Maxim Institute - real issues - No 222 14 September 2006


Who Should Pay For Politics?

No End In Sight To Street Soliciting Problem In Manukau City How To Fix A Leaky Tax System

In The News: New Report Highlights Essentials Of School Choice Policy Draft Un Convention On The Rights Of The Disabled

Who Should Pay For Politics?

The uproar over political campaign funding took yet another turn this week, as Prime Minister Helen Clark announced that Labour was considering "major campaign financing reform". The suggested reforms include tightening the law on anonymous donations and banning third-party spending which is not endorsed by a particular political party. Such moves would pose a serious threat to freedom of speech.

The restrictions on third-party advertising would mean that attack campaigns waged by special interest groups would have to be counted in a political party's election spending returns. This could potentially stop campaigns, such as those waged by members of the exclusive Brethren church and several trade unions in the lead up to the 2005 election, from happening in the future.

The other major proposed change is to prohibit donations over $250 to political parties, which are anonymous, such as those from trusts. It has been estimated that this would lead to a substantial decrease in the amount of funding that parties would receive from community groups who may not want their names disclosed to the public. To counter this decrease, the Prime Minister has suggested that the tax-payer make up the shortfall by increasing state funding to political parties at an estimated cost of $2.5 million.

Every citizen has a protected right to engage in free speech, and to try to persuade others of their views by putting out a pamphlet, writing a letter, or attending a political meeting. Political campaigns and political parties are the concrete expressions of people and their concern for the community they live in. As such, the closer they are to the people who make them, the better for everyone.

Community groups and individuals must retain the freedom to raise their voices; and that includes the right to open their wallet to do so. With democratic engagement a constant challenge, any move discouraging public involvement will only make political parties more remote and less accountable than they are already.

No End In Sight To Street Soliciting Problem In Manukau City

This week, the Local Government and Environment Select Committee recommended that the Bill to outlaw street soliciting in Manukau City should not be passed into law.

The Manukau City Council (Control of Street Prostitution) Bill was a response to concerns about the impact of street prostitution in Manukau City, including "increased littering, noise and nuisance, a reduced sense of public safety, and a decline in property values". The Committee acknowledged that these were "real concerns" but found that the enactment of the Bill would be problematic.

According to the Committee, a major problem with the Bill was that it would have meant that people would be subject to different criminal laws, depending on what part of the country (or even city) they were in. The Bill would have meant that street soliciting, while legal in central Auckland, would be illegal in Manukau. Another criticism of the Bill was that it would "re-criminalise" street soliciting which would be contrary to the Prostitution Reform Act, which decriminalised soliciting in 2003.

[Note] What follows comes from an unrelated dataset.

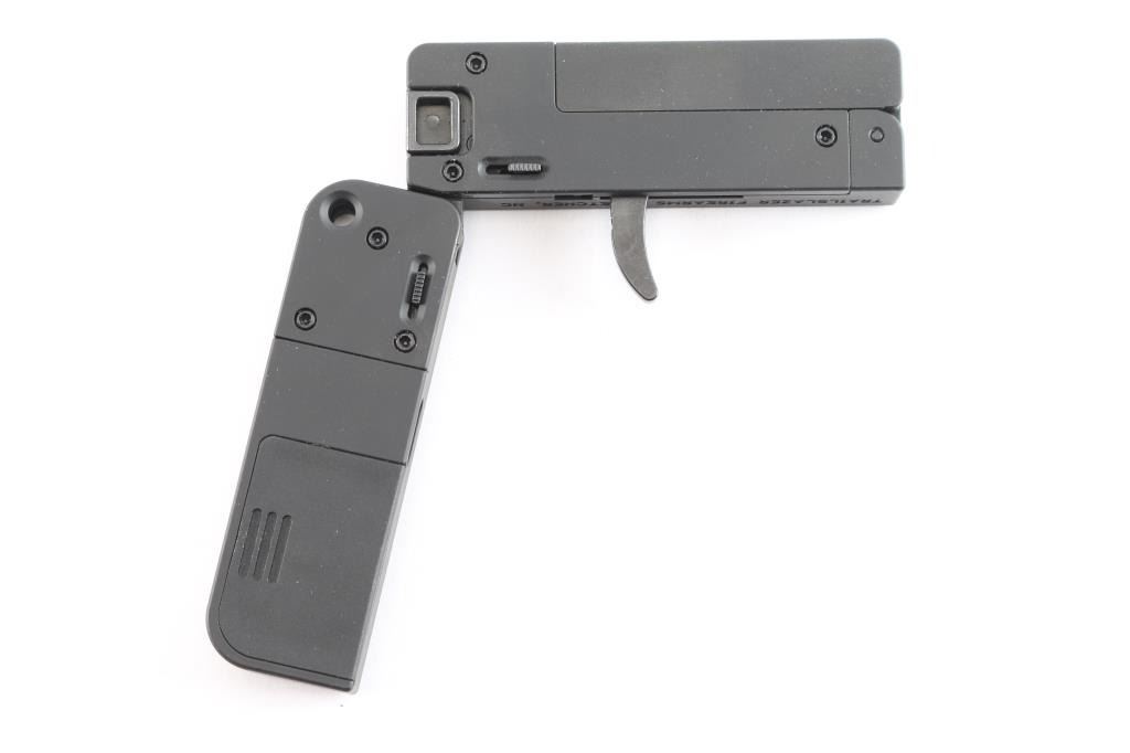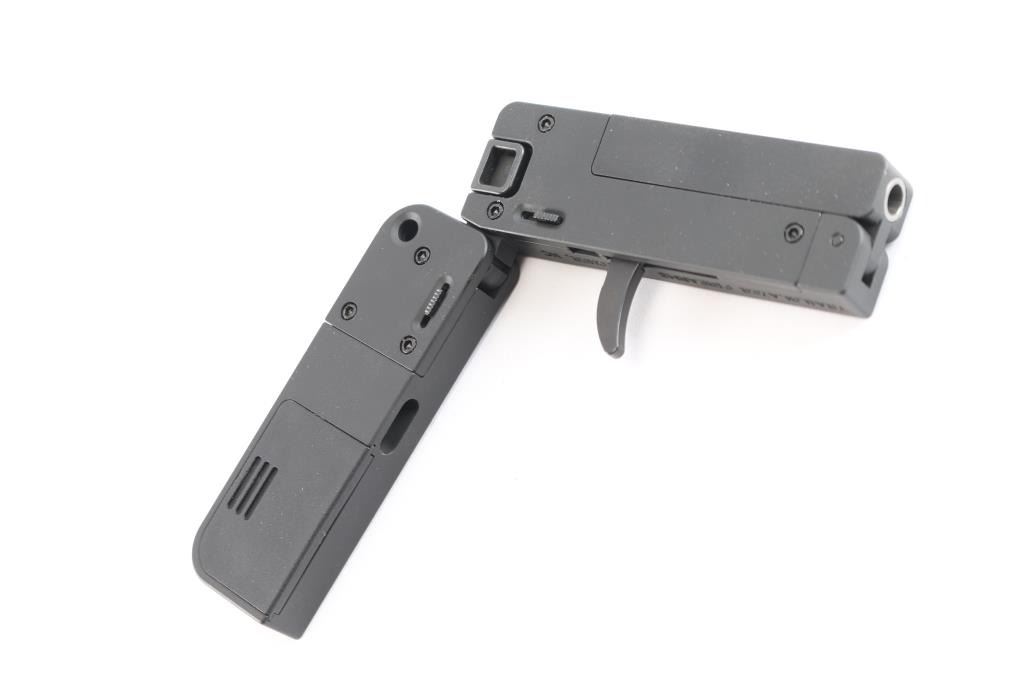 Unique & discreet American made single-action single-shot pistol chambered in .22 Magnum. Manufactured in Fletcher, NC. Pistol has the ability to fold to the size of a stack of credit cards. Pistol features a steel & aluminum construction with a matte black finish, 2-1/2” tip-up barrel, full-length grooved frame sight, linear hammer with bolt tabs on the rear, thin smooth curved trigger, smooth aluminum grip, and three-round storage compartment. The original matte black finish retained is approximately 99% with nothing remarkable. Metal displays no rust or deformation. The action is smooth and crisp, and the bore is bright with strong rifling. The frames grip is also excellent. Pistol includes the original factory cardboard box, documents, and pad lock with keys.

The Committee highlighted various other measures and laws that local councils could use to try and combat the problems associated with street prostitution. Significantly, the Committee acknowledged the importance of halfway houses which provide emergency accommodation, food and clothing to girls and women involved in prostitution, and also offer counselling and training to give them a fresh start.

Ultimately this Bill was a desperate attempt to solve the problems that have arisen following the passing of the Prostitution Reform Act, in one part of the country. A far better solution is to amend the Act itself to prohibit street soliciting, deal more effectively with under-age prostitution, provide opportunities for women to leave the industry and criminalise the purchaser of sexual services. A working group, formed as part of United Future's confidence and supply agreement with the Labour Party, now has the opportunity to consider these aspects of the Act's operation and will report to the Minister of Justice on their findings.


This Thursday, the Centre for Independent Studies (CIS) released a new report on taxation in New Zealand, called How to Fix a Leaky Tax System. The report states that "New Zealand's tax system has become complicated and distorted, with avoidance and evasion widespread." It places much of the blame on the progressive tax system and its four different income brackets.

The report suggests that the problem with any complicated tax system is that it encourages people to focus on how to reduce the amount of tax they pay, rather than on how to be most productive. For example, according to the report, incomes appear to peak at around $60,000 (the threshold for the top rate of personal income tax). When people earn more than this, they tend to find ways to avoid high tax rates, such as channelling their funds through trusts which are taxed less heavily.

The problem is that paying lawyers and accountants to set up these kinds of arrangements costs money which could be spent on more useful things. There are also costs involved with running and enforcing a more complicated tax system. The report suggests that the increase in the IRD's budget over the last five years has been driven by the costs of enforcing the complicated system.

As the report notes, having a broad-based, low rate taxation system makes things less complicated. Such a system has more than one source of taxation and taxes those sources evenly, with no exemptions or loopholes. This reduces the incentive for people to put their energy into reducing their tax burden.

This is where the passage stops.